The primary and multiple wavefields corresponding to the Sigsbee B model are used by the present invention to simulate seismic data provided by SMAART. And dividing the quincunx data obtained by Sigsbee B simulation into a training set and a testing set, taking the full wave field quincunx data as the input of the network, taking the real primary quincunx data as the label of the network, and taking the real primary quincunx data and the multiple quincunx data as the constraint of two branches in the hidden layer of the network respectively. The sampling channel interval and the depth sampling interval of the speed model are 7.62m, the maximum depth of the model is 9144m, the speed of the salt medium is 4511m/s, and the speed of the water medium is 1499m/s. The interval of the simulated seismic data cannons is 45.72m, the interval of the channels is 22.86m, the sampling time interval is 8ms, and the seismic record length is 11.992s. A simulated seismic record of test set sample inputs and tags is shown in fig. 7.
And selecting one sample in the test set to show the suppression effect of the network model on multiple waves under Sigsbee B complex medium. The labels of the network model, i.e., the true primary wave, are as in fig. 8 (a), the primary wave output by the network model is as in fig. 8 (b), and the error from the true primary wave is as in fig. 8 (c).

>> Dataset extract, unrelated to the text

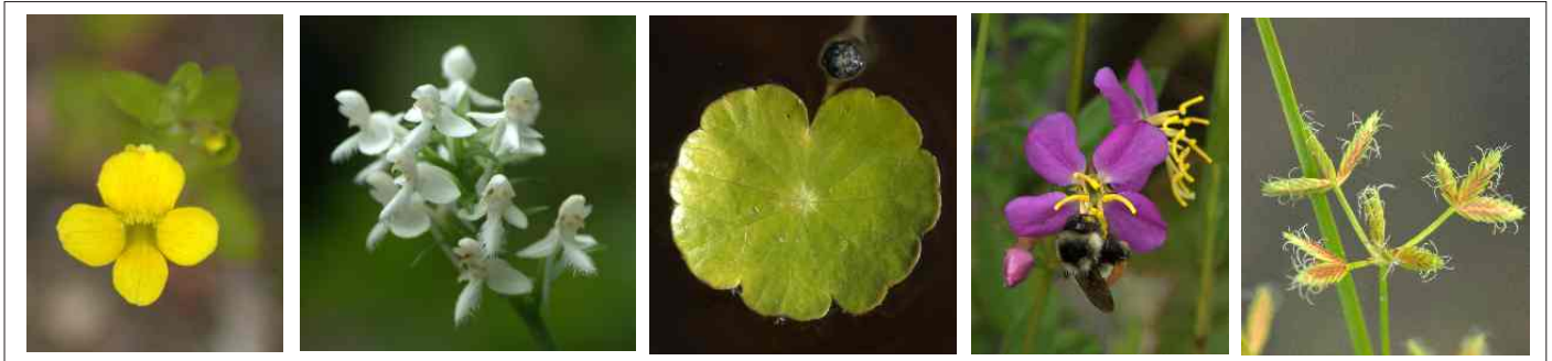
Golden-pert, White Fringed Orchid, Water-pennywort, Virginia Meadow-beauty, Toothed Flat-sedge.
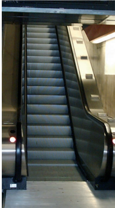
ROME UNDERGROUND AUTHORITY ROME, ITALY

Scope 4 elevators and 24 escalators Construction 2003-2007 Project type Full replacement

The primary wave output by the test set data after being calculated by the network model is basically consistent with the real primary wave, which shows that the network provided by the invention can effectively suppress the multiple event in the seismic data after being trained, and has the capability of reconstructing the primary event at a certain level.
And (3) passing the primary wave and multiple wave seismic data of all guns of the Sigsbee B model through a trained network model to obtain reconstructed primary wave seismic data after suppressing multiple waves. Overlapping the reconstructed primary wave seismic data after NMO to obtain Sigsbee B post-stack seismic data, wherein the post-stack seismic data is shown in fig. 9, the (a) of fig. 9 is full-wavefield post-stack seismic data, the (B) of fig. 9 is real primary wave post-stack seismic data, the (c) of fig. 9 is the output of the network model of the overlapped primary wave post-stack seismic data, and the (d) of fig. 9 is the error of the output of the real primary wave post-stack seismic data and the network model of the overlapped primary wave post-stack seismic data.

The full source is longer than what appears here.